Нужно было много пить и не двигаться. Ни то, ни другое практически было невозможно. Когда я начинал много пить, это вызывало тяжелую рвоту… Однако первое основательное ухудшение началось уже через четыре дня после операции. По легким ударила пневмония. Потом «наступил» сепсис правой почки. Затем «случился» этот злополучный «эксперимент», закончившийся разрывами швов, от которого я так отбивался, и который мне все-таки навязали. Вместе с тем (теперь, когда я уже могу называть себя здоровым человеком), кому бы я не показывался в нашем АО «Медицина», все говорят о ювелирности сделанной Альтхаусом операции. Говорят: «Если честно, у нас бы никто так не смог!» Это говорят такие знаменитые врачи, как Ройтберг, Грицай, Велиев, Матвеев… У нас, конечно, делают подобные операции. Сплошь и рядом делают. Но… с выводом мочеточников на внешнюю сторону, т. е. — через трубочку в боку. В результате, можно сказать, человек становится инвалидом, крайне ограниченным в движениях. А сделать так, чтобы чужой, искусственный, мочевой пузырь работал, как родной, у нас пока никто не умеет.

— Вы его искусственность чувствуете? — спрашиваю я.

— Конечно. Я еще не привык к нему, как к своему собственному. Поэтому, конечно, пока чувствую дискомфорт, — признается Кобзон.

— Я много раз убеждался, что Вы — сильный человек, — восхищаюсь я и вдруг (внезапно даже для самого себя) интересуюсь. — А было ли у Вас отчаяние, когда все это произошло?

— Было! — одним словом, но как-то очень значительно отвечает Кобзон.

— И как это было? — удивляясь неожиданности такого ответа, уточняю я. — Вы что, в Бога поверили? Или что?

— Ни в какого Бога я не верю. Я верю только в свою жену и в себя! Просто не хотелось жить инвалидом. Я не знаю: выдержал бы я психологически эту травму?…

У нее, у жены, совершенно удивительный характер. В обычной жизни она человек очень разный, капризный. А вот в экстремальных обстоятельствах обладает уникальным хладнокровием, организованностью и стремлением к разумности во всем. Она сразу собирается и не дает спуску никому: ни врагам, ни друзьям, ни врачам (ни немецким, ни русским) — никому! И главное — мне!

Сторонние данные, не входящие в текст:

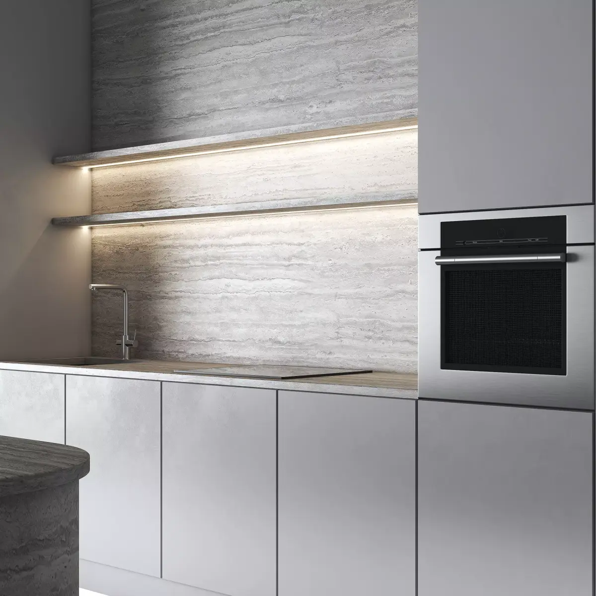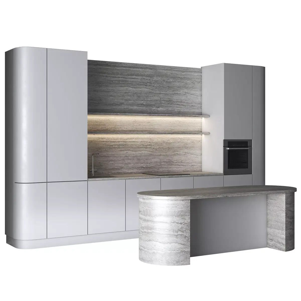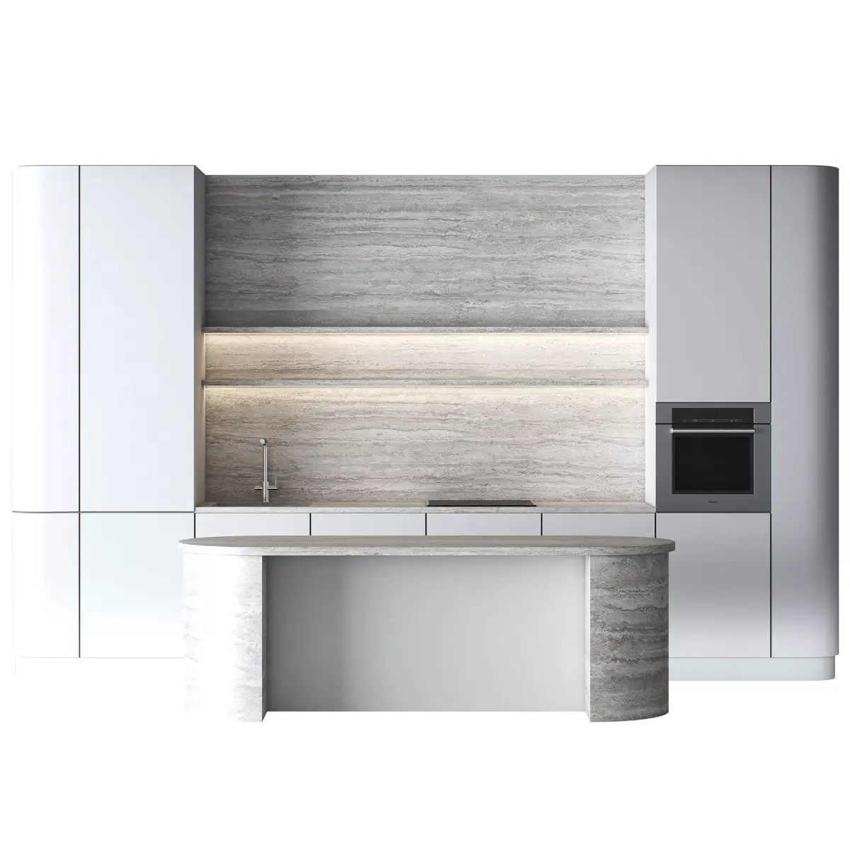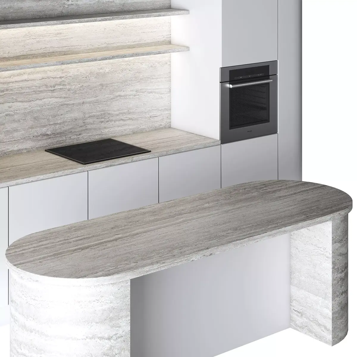 High-quality 3D model of a modern luxury kitchen featuring elegant stone textures, soft curved elements, and a minimalist layout. The design combines light gray cabinets with a natural travertine stone backsplash and countertop, creating a sophisticated and timeless look. The kitchen includes a curved island, built-in oven, and open shelves with warm accent lighting. Optimized for V-Ray and Corona Renderer, ideal for architectural visualization, interior renders, and design presentations.

«Ешь!» — говорит. Я говорю: «Не могу!»

— Ешь! — я сказала. — Пей! — я сказала. — Идем гулять! Тебе пора в туалет! Тебе пора лекарства принимать! (А я их тоннами принимал.) «Неля, — говорю, — отстань!»

— Не отстану!!! Ты мне не нужен инвалид! Ты никому не нужен инвалид! Поднимайся сейчас же и делай, что я тебе сказала!..

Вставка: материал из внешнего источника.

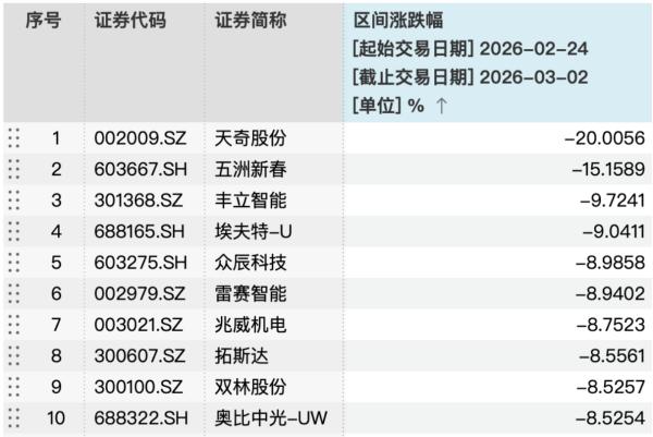 从个股公司情况看,Wind数据显示,在2026年2月24日至3月2日的交易中,人形机器人概念板块表现呈现显著分化,纳入统计的个股中,部分个股表现强势,而另一些则出现较大幅度回调。

В общем, вот такой строгий деловой напор. Она сама едва не заболела, пока возвращала меня к жизни. Устала безумно. И я стал ее беречь… Как только я стал самостоятельно двигаться и самостоятельно питаться, я стал ее беречь. Чтобы она восстановилась после того, как столько дней и ночей выводила меня из отчаяния, когда я, ощущая и осознавая ухудшавшееся час за часом состояние, мучительно мечтал о смерти… Особенно после второй, нелепо случившейся операции. Надоело страдать! Хотелось, чтобы поскорее все это кончилось…

Помогали мне выходить из отчаяния и друзья. Больше всех — Юрий Михайлович Лужков. Два раза приезжал он ко мне в Германию. Потом звонил… Прилетал и Игорь Сергеевич Иванов (бывший министр иностранных дел России, а ныне секретарь Совета Безопасности РФ). Не один раз навещал посол РФ в ФРГ Котенев Владимир Владимирович со своей супругой Машенькой. Приходили наши люди, среди них — мои старые друзья, которые живут в Германии. Особое внимание уделили мне Александр Волков, Михаил Хубутия и Галина Романовская. Проведали меня Владимир Винокур и Валентин Юдашкин, Александр Достман и Руслан Аушев. Постоянно звонили Валентина Терешкова и Елена Образцова. Не забыла меня и Алла Пугачева. Звонила, желала поскорее выздоравливать. Еще был с собственноручным посланием Патриарха. Всея Руси Алексия II (что бывает крайне редко) Прхаев из Софрино. Запомнились ободряющие звонки от Председателя Российского Правительства Фрадкова, и, конечно, от президента Владимира Владимировича Путина. Я не то, чтобы был конъюнктурно польщен этим, просто приятно было, что не забыли! Происходило это так.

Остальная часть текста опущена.